See this introduction to General Relativity on the case of cosmology for further explanations.
The fundamental expression of general relativity is a relation between mass density and space curvature. In the void, space-time geometry satisfies the following relation : the curvature of a "flat" spatial surface (not bent in the orthogonal direction) equals the tidal effect on the orthogonal direction divided by c², with a positive sign (which attracts parallel lines) if this tidal effect is repulsive.
Near a planet, the tidal effect is equal to 2T tearing apart in the vertical direction, so that a "flat" horizontal surface has curvature 2T/c² ; it is attractive with amplitude T in any horizontal direction, so that a "flat" vertical surface has curvature -T/c².
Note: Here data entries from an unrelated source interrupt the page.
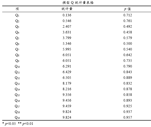 | 模型Q统计量表格 | 展示残差Q检验结果,检验模型残差白噪声情况 |
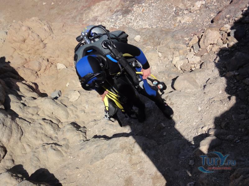 Когда-то, миллионы лет назад, уже выросший на два метра сплошной стеной коралл вдруг перестал расти по причине какого-то каприза природы. Края же его, продолжив рост, срослись только через сотни тысяч лет. Получилась огромная коралловая дыра, названная голубой из-за своего небесного цвета. Это огромное отверстие диаметром приблизительно 150 метров, которое в виде сужающегося колодца отвесно уходит вниз на глубину до 110 метров. На внутренней стене колодца на глубине 52 метра перед Вами откроется знаменитая Арка длиной 26 метров, выходящая в открытое море. Света здесь мало, до таких глубин доходит лишь синяя составляющая солнечного света, откуда и пошло название дайв-сайта.
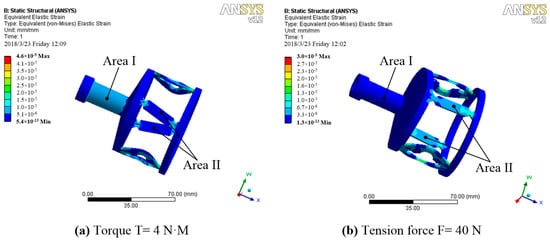 The static structure simulation of the 3D elastomer structure model is accomplished using ANSYS. The corresponding tensile-sensitive region and the torque-sensitive region are obtained using an FEM analysis. The results of the analysis are shown in Figure 5a,b. When the elastomer structure is subjected to the torque of T = 4 N·M alone, the whole structure is subjected to torsional shear stress. The torsional area I can withstand remarkable strain. The buffer ring bears most of the torque effect. Only a small shear force acts on the tensile area II, and the shear effect is concentrated at the two ends of the tensile beam. The main part of the tensile beam bears very little torque strain. Finally, the strain in torsional region I, due to the torque, is higher than that of region II. When the elastomer structure is subjected to the tension force of F = 40 N alone, the torsional strain surface can transfer most of the tension force to the tensile strain beam in the case of very small strain, owing to its high tensile stiffness. The tensile strain beam has an obvious strain because of its tension sensitiveness. Therefore, the strain sensitivity of strain region II to the tensile force is much greater than that of region I.
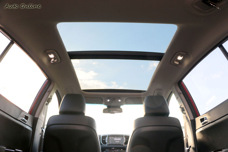 ▲全景天窗讓車內視覺開闊,降低後座乘客不可避免的壓迫感。
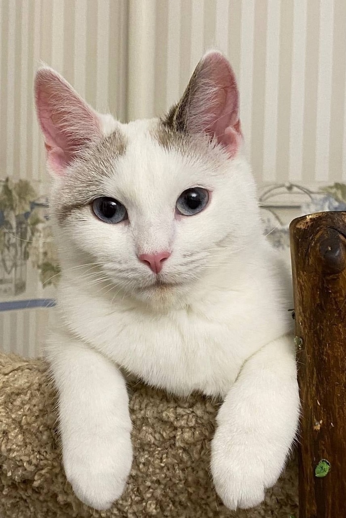3. светло-серая пушистая кошечка до 8м. с больными глазками.
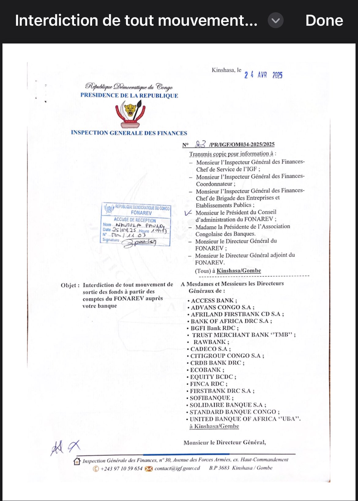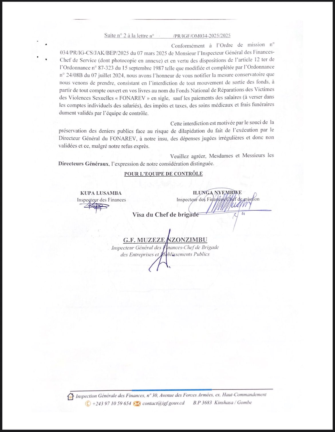 The IGF’s July 7 warning, signed by Inspectors Kupa Lusamba, Ilunga Nyembwe, and Chief G.F. Muzeze Nzonzimbu, follows an April 25, 2025, account freeze lifted within 24 hours—allegedly due to high-level pressure from the Haut-Comndement des Forces Armées. With compliance deadlines looming, transparency is critical to save FONAREV’s mission.
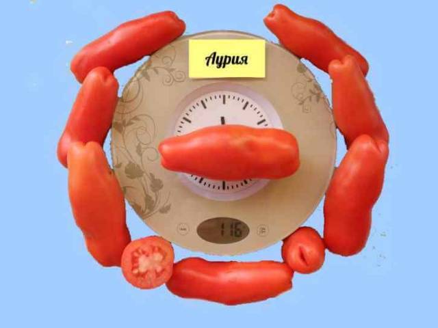 O mais interessante na descrição do tomate Auria são seus frutos. O vegetal de paredes irregulares, alongadas até 15 cm, deu origem a muitos nomes interessantes. O peso do fruto chega a 200 g, mas o peso médio de um tomate geralmente varia entre 80-150 g. Os tomates são amarrados com uma escova. Sua massa pode chegar a 0,8 kg. Esse peso é demais para brotos finos. Para que não se quebrem, os horticultores regulam o número de frutos retirando o excesso de ovário. O período de amadurecimento dos tomates vai de meados de julho a setembro.
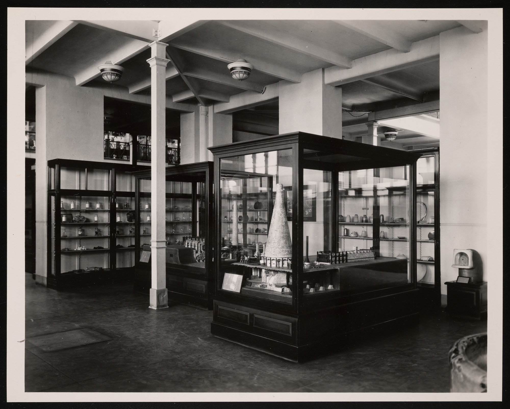 Interior view, mineral technology exhibits in the Arts and Industries Building, featuring industrial model of a regenerative glass heating furnace in the foreground and raw materials such as coal, limestone and sulphur as well as manufactured goods and by-products of minerals and fuels such as glass, abrasives, asphalt and gas in the surrounding cases.
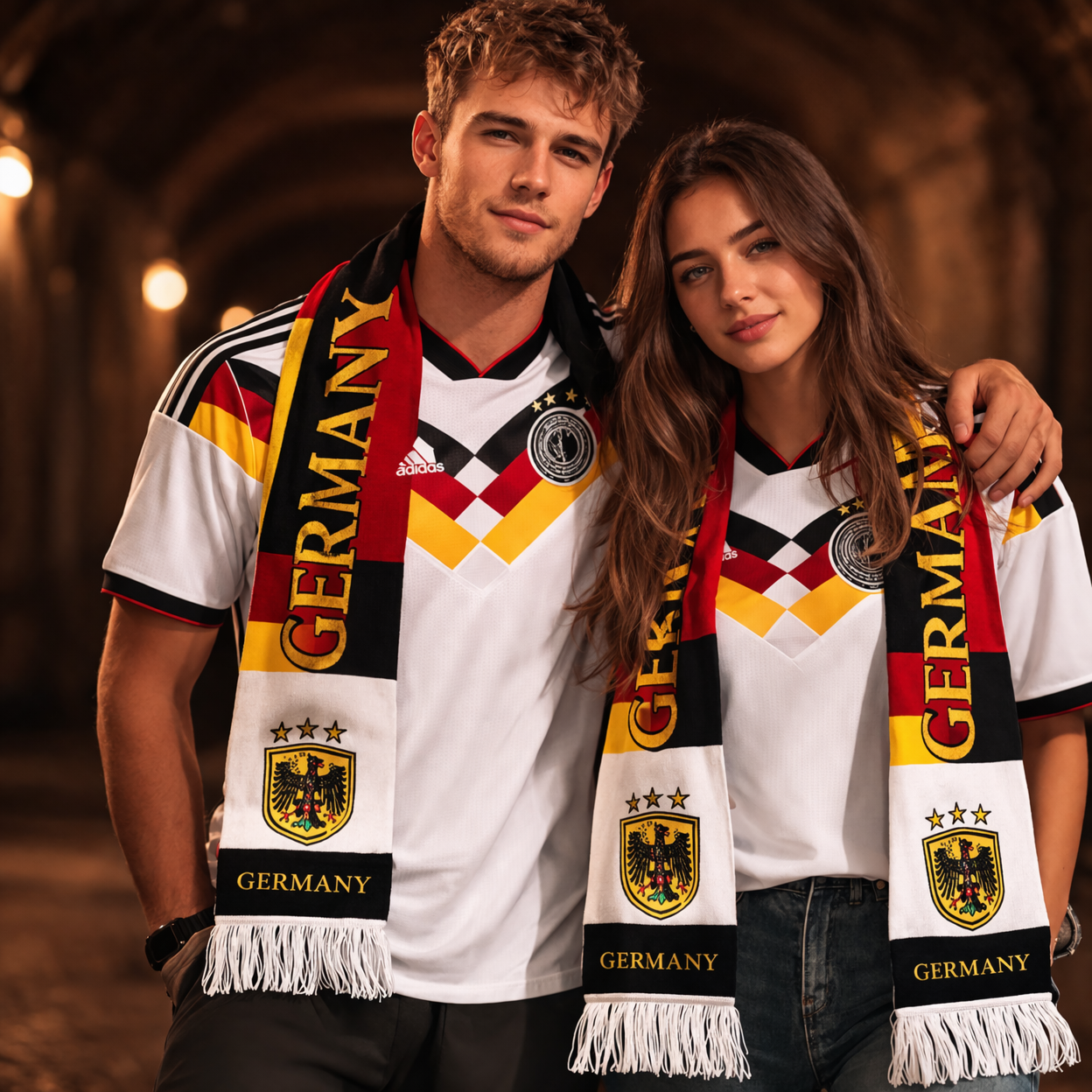 Este kit união captura a essência da Seleção Alemã para casais. Vistam as camisolas juntos, enrolem os cachecóis ao pescoço e hasteiem a bandeira. Sintam que estão unidos à equipa e a milhões de torcedores. No estádio de mãos dadas, na varanda a vibrar juntos ou em casa a torcer pelo próximo golo histórico. Porque apoiar Alemanha não é só cultura… é uma emoção partilhada que dura para sempre.
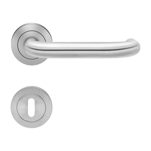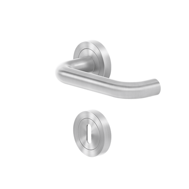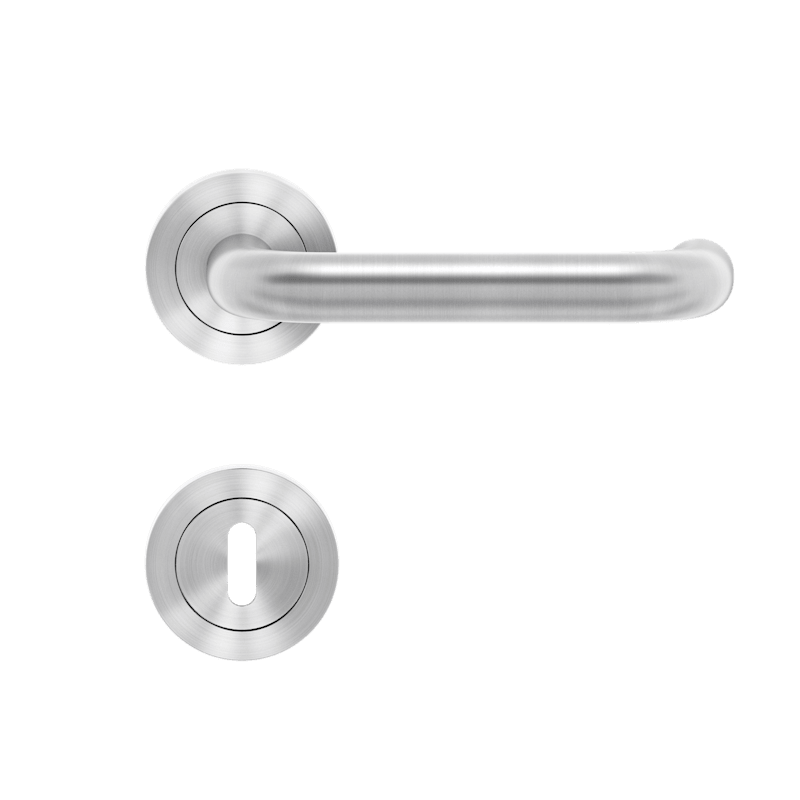 Drückergarnitur mit Türdrückermodell ER27 Kreta, für Standardtüren nach DIN EN 1906, Benutzungskategorie 3. Eigenschaften: • 3-teiliger Schraubrosetten kantig • Gleitlager aus Nylon • fest drehbar g

When entering the surface of the planet, the horizonal curvature keeps continuous values but the vertical ones change : in the case of a planet with constant density, they become equal to the horizontal curvature 2T/c²; in any case the sum of 3 spatial curvatures is proportional to the density. The coefficient of proportionality is thus 6T/ρc² = 6×4πG/3c²= 8πG/c².

Inside a theoretical planet with constant density, thus, we have the uniform space curvature 2T/c²=8πGρ/3c², with coefficient the distance (per density in g/cm³)
8πG/3c² = 6.221×10⁻²⁴ m^-2(g/m³)^-1.
For a density of 1 g/m³, this curvature has radius
(6.221×10⁻²⁴ )^-1/2=400,930,000 km = 4.0093×10¹¹ m = (c/√2)× 1891.3 s = 1337 light-seconds = 22.29 light-minutes.
For the Earth's density, this radius of geometrical curvature is 569.5 light-seconds = 9.49 light-minutes = 170,720,000 km
to be compared to the Earth's mean distance to the Sun, 149,598,000 km = 8.317 light-minutes.
In practice, it means that a "planet" with the same density as the Earth but as big as the Earth's orbit, would immediately become a black hole with that size.

Let us describe the amplitude of the space curvature in the Earth - or rather, of a theoretical perfectly spherical planet with the same mass and size and without rotation.

Define:

• L = length of the equator
• r = distance of a point of the equator to the center of the planet
  
• k = roundness of the equator (in radian per meter)

If there was no effect we would have L/2π=r= 1/k. The effect is that L/2π < 1/k, while r is at least (3/4 L/2π +1/4k) (= value if the density is uniform) and can be even bigger than 1/k (?) if the mass is concentrated in the center.
Precisely,  the same reasoning as for cosmology says that (2π/L)²=k²+2T/c². Thus 1/k - L/2π  ≈ (L/2π)³ T/c².